Тогда он выкрикнул следующее:
— Это последняя мировая! Вы нам еще позавидуете!!!
Девица громко хихикала. Голый человек выпил содержимое бокала и разбил его о пол.
Больше ничего не произошло. Мы благополучно достигли первого этажа и выскочили наружу.
Вся ближайшая территория вокруг высотки была завалена обломками и телами. Сквозь рыжую пыль я разглядел людей, разрезанных пополам, или — отдельно ноги и голова, или туловище без ног и без головы. Или просто нечто бесформенное, как кусок мяса. Я увидел секретаршу Юры Дронского — Лиду Ямпала. У нее было удивительно спокойное лицо, словно она спала. Я обнаружил Батыха Кинжева в луже крови. В груди у него было два пулевых отверстия. То, что это были пулевые отверстия, я не сомневался ни минуты, потому что видел такие ранения во время восстания хлыстов в Санкт-Петербурге. Но кто и почему стрелял, трудно было понять. Впрочем, рассуждать не было времени. “Плюх!” — рядом что-то упало. И в отдалении тоже. Меня обрызгало. Находиться рядом со зданием было небезопасно. Я отцепил Росса. Он ту же стал активно встряхиваться. Женщина, которая все время повторяла: “Я не хочу умирать… я не хочу умирать…”, куда-то делась. Вторая пропала еще раньше.
Дом напротив высотки горел. Я задрал голову и посмотрел туда, где висел полчаса назад. Но ничего не увидел. Все застилали черный дым, рыжая пыль и тучи, из которых сыпались огромные искры. Это напоминало фейерверк, только в грандиозных масштабах. Казалось, горела даже мостовая.
Когда мы с Россом выбежали на Яузский бульвар, за спиной рухнула высотка. Она упала на лесок и окрестные кварталы. Земля вздрогнула.

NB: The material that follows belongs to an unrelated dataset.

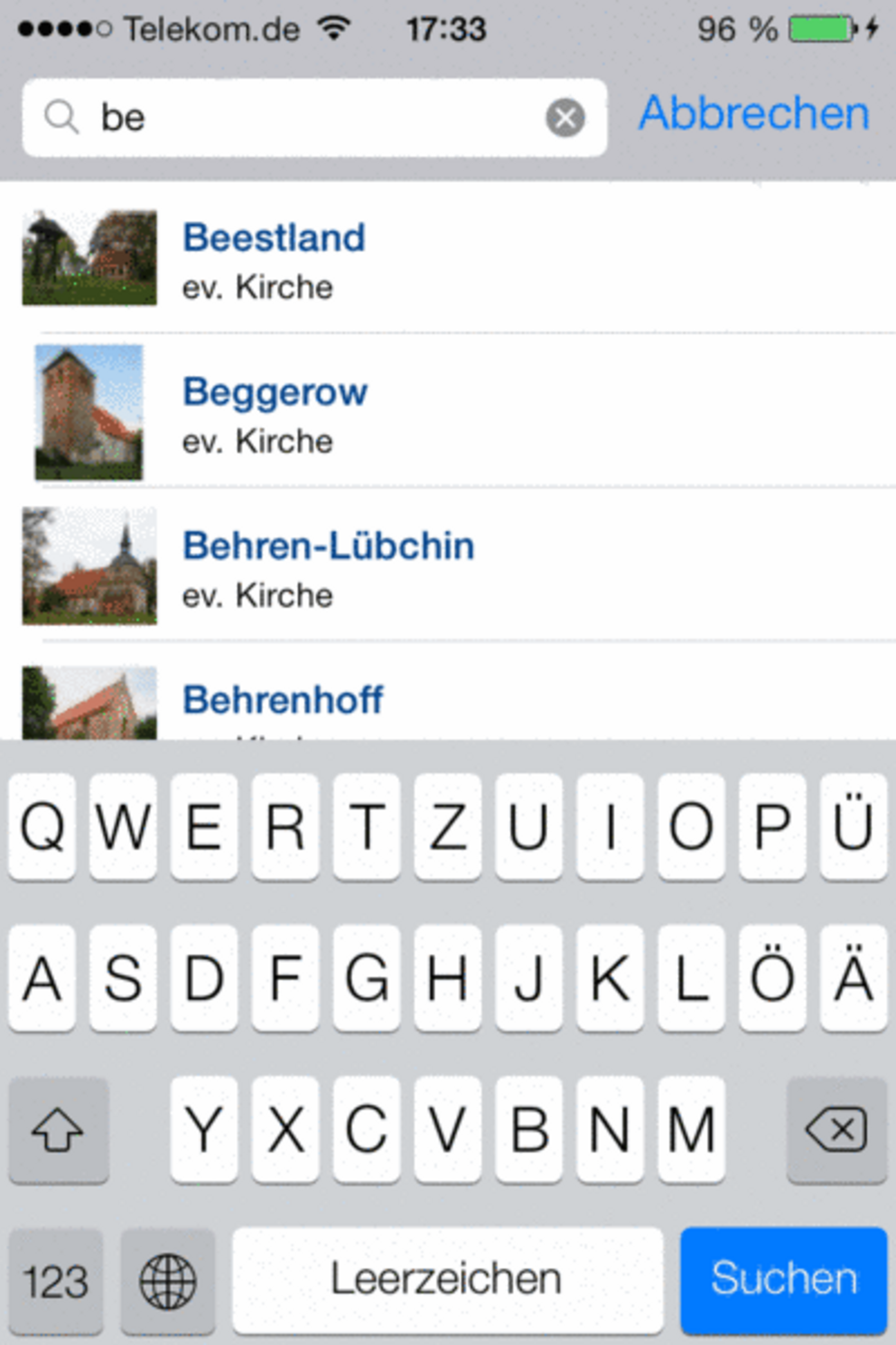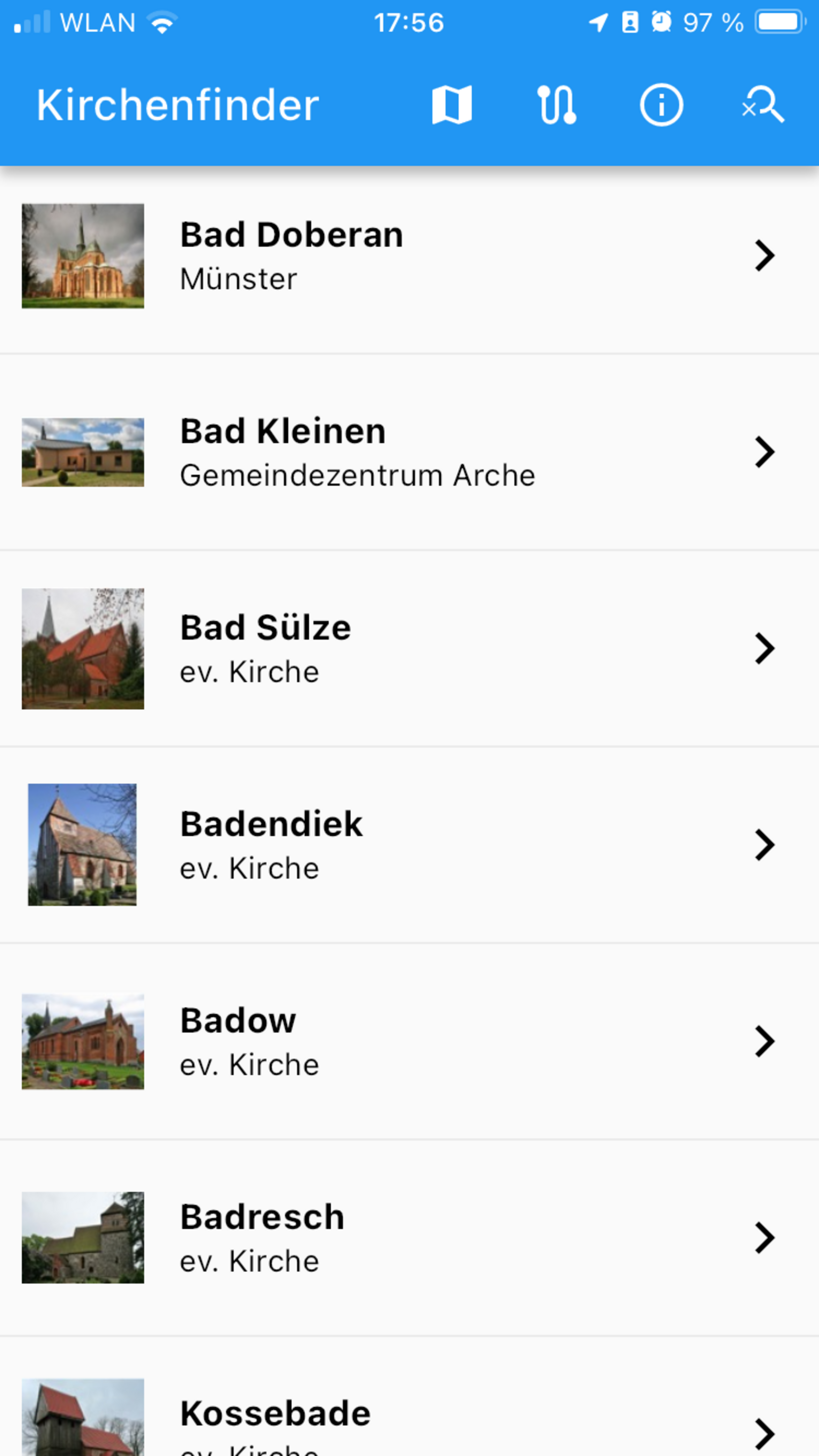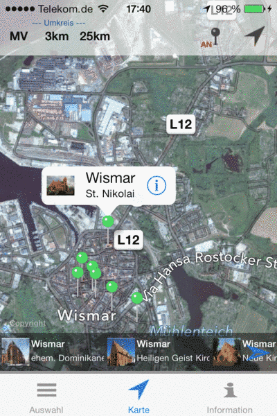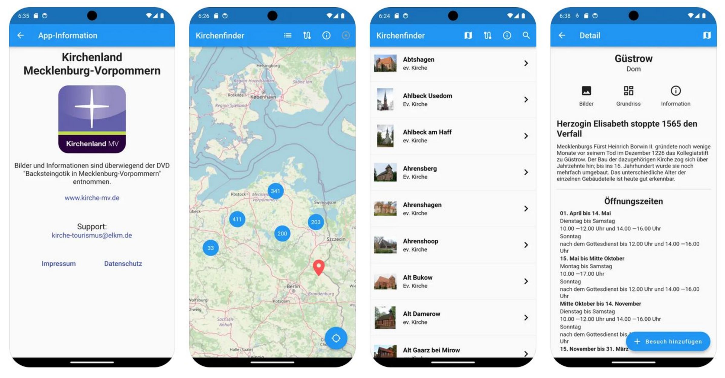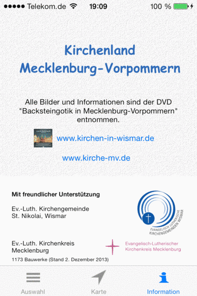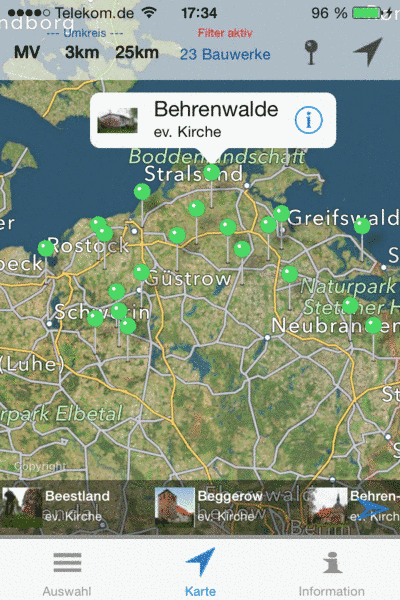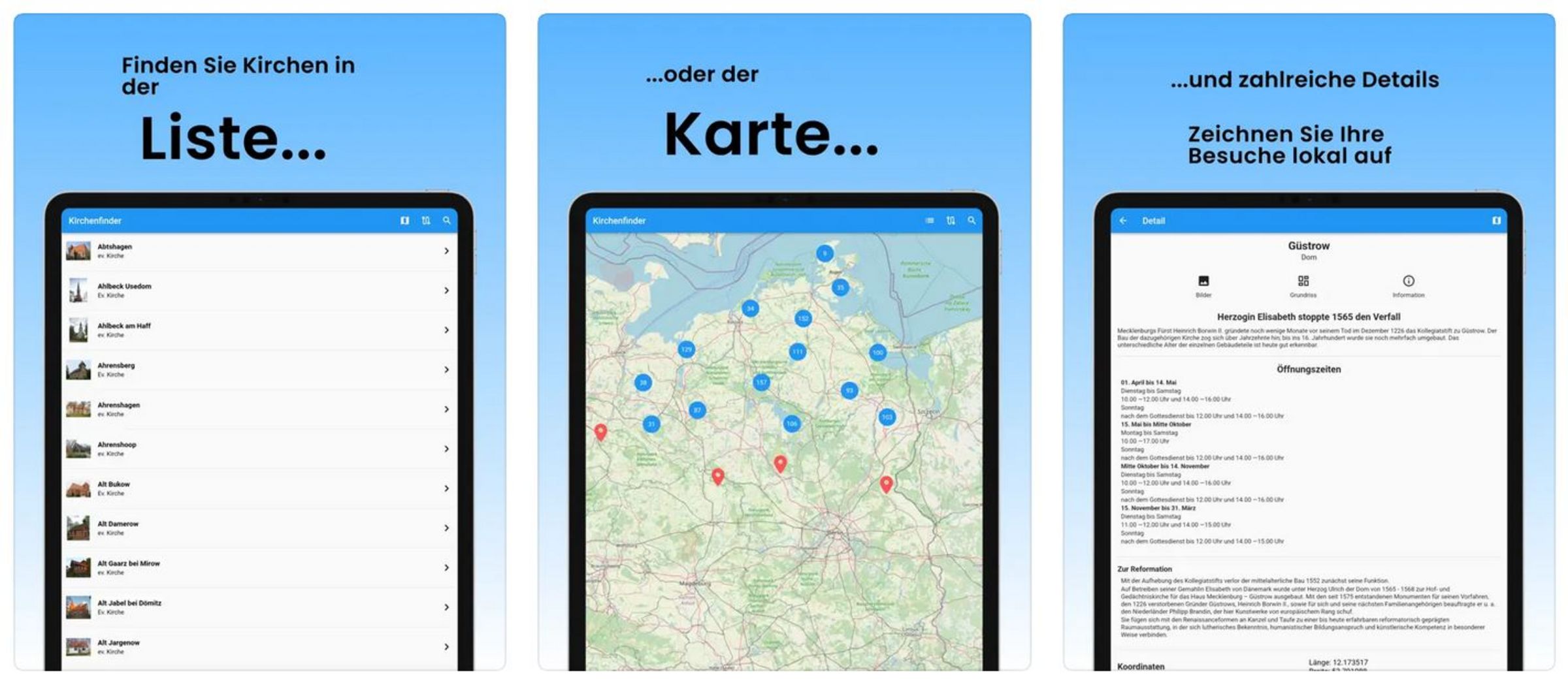 In Mecklenburg-Vorpommern gibt es eine Vielzahl an Kirchen und Kapellen. Mit dieser App können Sie sich mehr als tausend dieser meist großartigen Bauwerke vor dem Besuch anschauen. Die Kartendarstellung zeigt die Bauwerke in ihrer Umgebung. Mit Hilfe der integrierten Schnittstelle zu einer bei Ihnen installierten Navigationssoftware finden Sie auch leicht den Weg zu den Kirchen und Kapellen.

Потом пронеслась ударная волна, сбившая меня с ног. Росс устоял. Он только присел и заворчал. Ему, как и мне, не нравилось происходящее. Воздух наполнился клубами дыма и пыли. Было такое ощущение, что сюда вниз, как на дно глубокого аквариума, льется расплавленный воздух. Трудно было понять: то ли все еще идет огненный дождь, то ли это искры горящего города. Прямо над нами, кувыркаясь, пролетели оранжевые “жигули”, затем голубая “токса” врезалась в угол дома. От здания, находящегося за бульваром, остались одни стены, а огонь вырывался из окон, как из доменной печи. Иногда мелькали фигуры бегущих людей. Тучи горячего дыма заполняли улицу. Трудно было дышать. Нас обоих душил кашель. Мы сунулись было налево, чтобы попасть к реке, но на Парковой стали взрываться машины, а за дорогой вспыхнула автозаправка. Огненный шар взметнулся вверх, прокатился над сквером и окутал рядомстоящие дома. Все заполнилось рыжей мглой, сквозь которую пробивались огненные сполохи багрового цвета. Через мгновение уже ничего нельзя было разглядеть. Бежать к реке было бессмысленно. Вверх по Яузскому бульвару бушевал вихрь. Кажется, вслед за ним приподнимался даже асфальт. Воздух гудел. Деревья вспыхивали, как свечки.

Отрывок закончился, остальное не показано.